Luyanda Mpahlwa and Klaus Doppler

A transformation process that is supposed to improve the lives of the people in the ever-sprawling peripheries of metropolitan cities is complex and taking too long to realise. The process of providing subsidised housing for the poor has created more than three million dwellings but informal settlements have grown much faster. These slum settlements are unsafe, unhygienic and inaccessible. The government has started with “informal settlement upgrading” projects.

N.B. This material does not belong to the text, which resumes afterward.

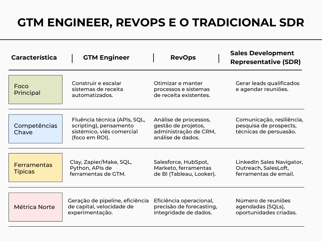GTM Engineer é o nome do jogo. Mas não é só um título bonito para substituir RevOps. É outra lógica de trabalho. Enquanto um profissional de operações cuida da manutenção de sistemas, o GTM Engineer constrói sistemas novos. Não está otimizando um CRM. Está programando motores de receita.
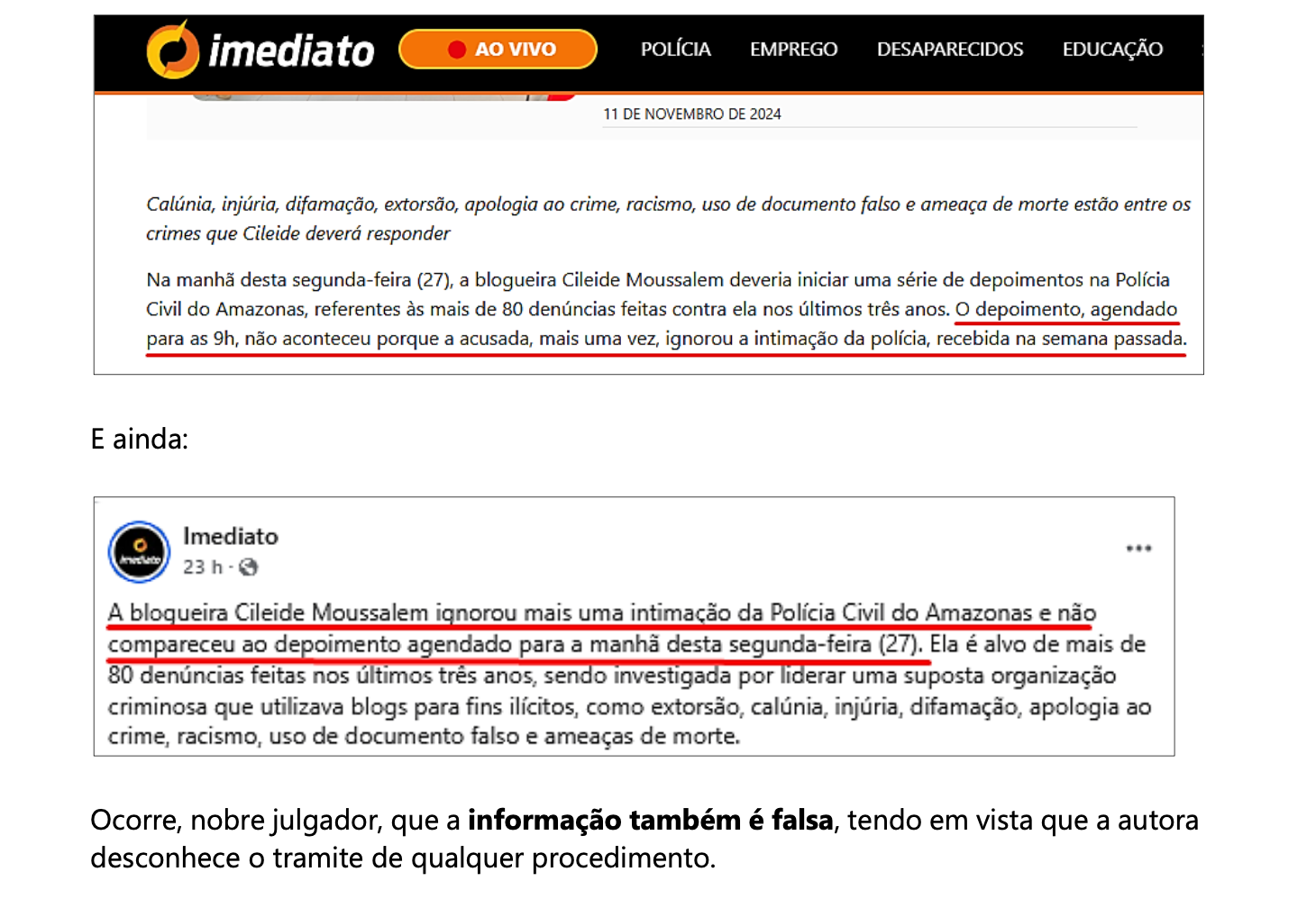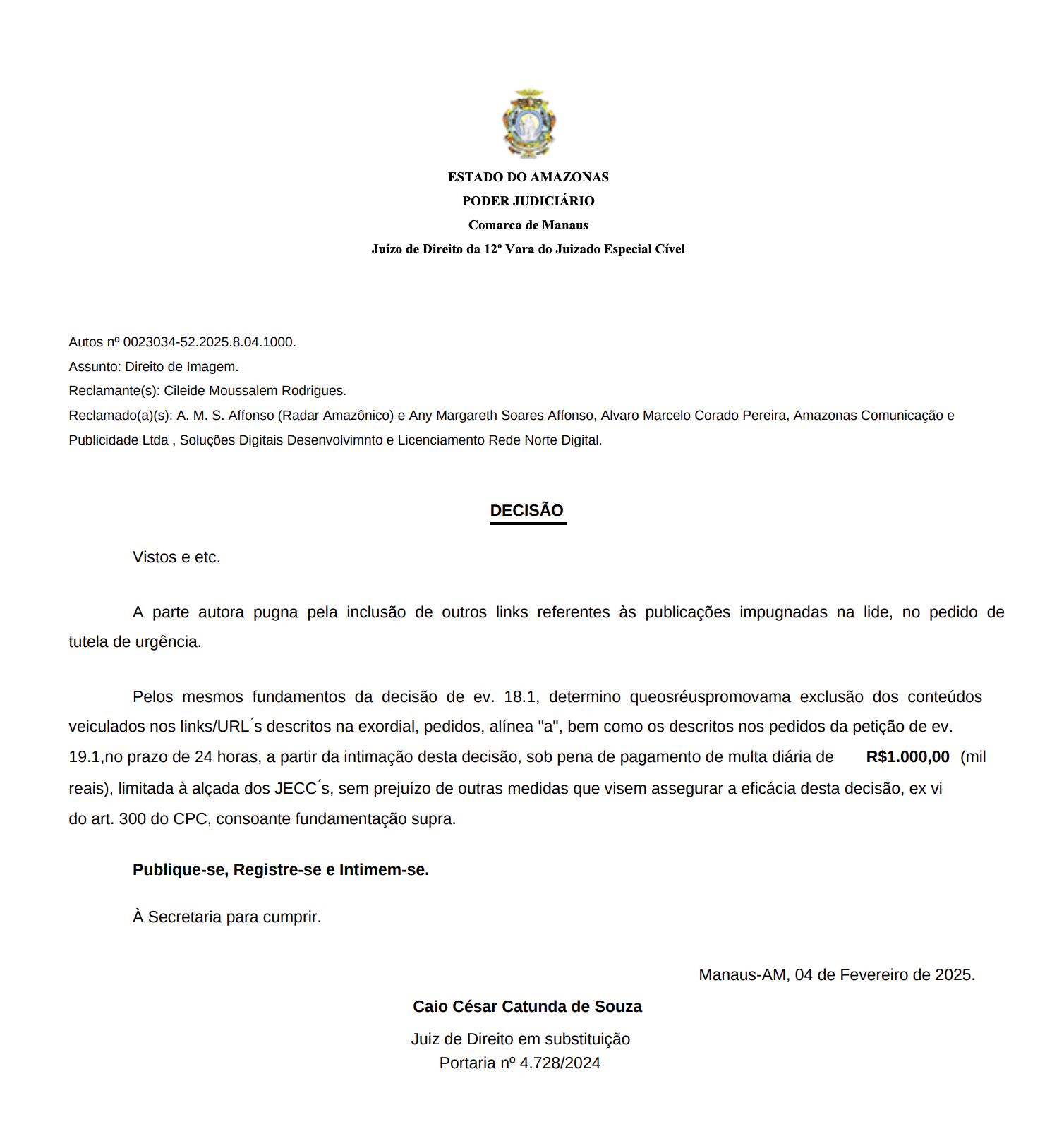 Amazonas – A Justiça do Amazonas deu um importante passo na luta contra a disseminação de fake news, ao ordenar, nesta terça-feira (4), que os blogs Radar Amazônico, Imediato e Revista Cenarium removam, em até 24 horas, conteúdos considerados falsos e prejudiciais à imagem da empresária Cileide Mousallem.

Urban sprawl remains a big problem and putting up multistorey blocks of flats of the European type is not feasible and, to an extent, not accepted by the communities. The people tend to feel deprived and alienated from the garden spaces they are accustomed to. Informal settlements are growing, people use whatever building materials they can. Despite the haphazard quality of the dwellings in these settlements, there are strong community networks. It will be difficult and time-consuming to eradicate the settlement structures.

What are the answers to this complex urban situation?

In South Africa, I am part of an architectural school of thought that seeks to reshape and re-envision South Africa’s post-apartheid architectural landscapes. We have to accept that the country has diverse cultures with different levels of economic standing and the influence on the living environments will differ.

Architecture with social impact: Case studies of exemplary models

The Sandbag housing project, Mitchells Plain:

The sandbag structure of the house for the 10×10 Housing Project, in Mitchells Plain, Cape Town, where new homes were created in a former informal settlement in a pilot project for Design Indaba 2007. (Photo: Supplied)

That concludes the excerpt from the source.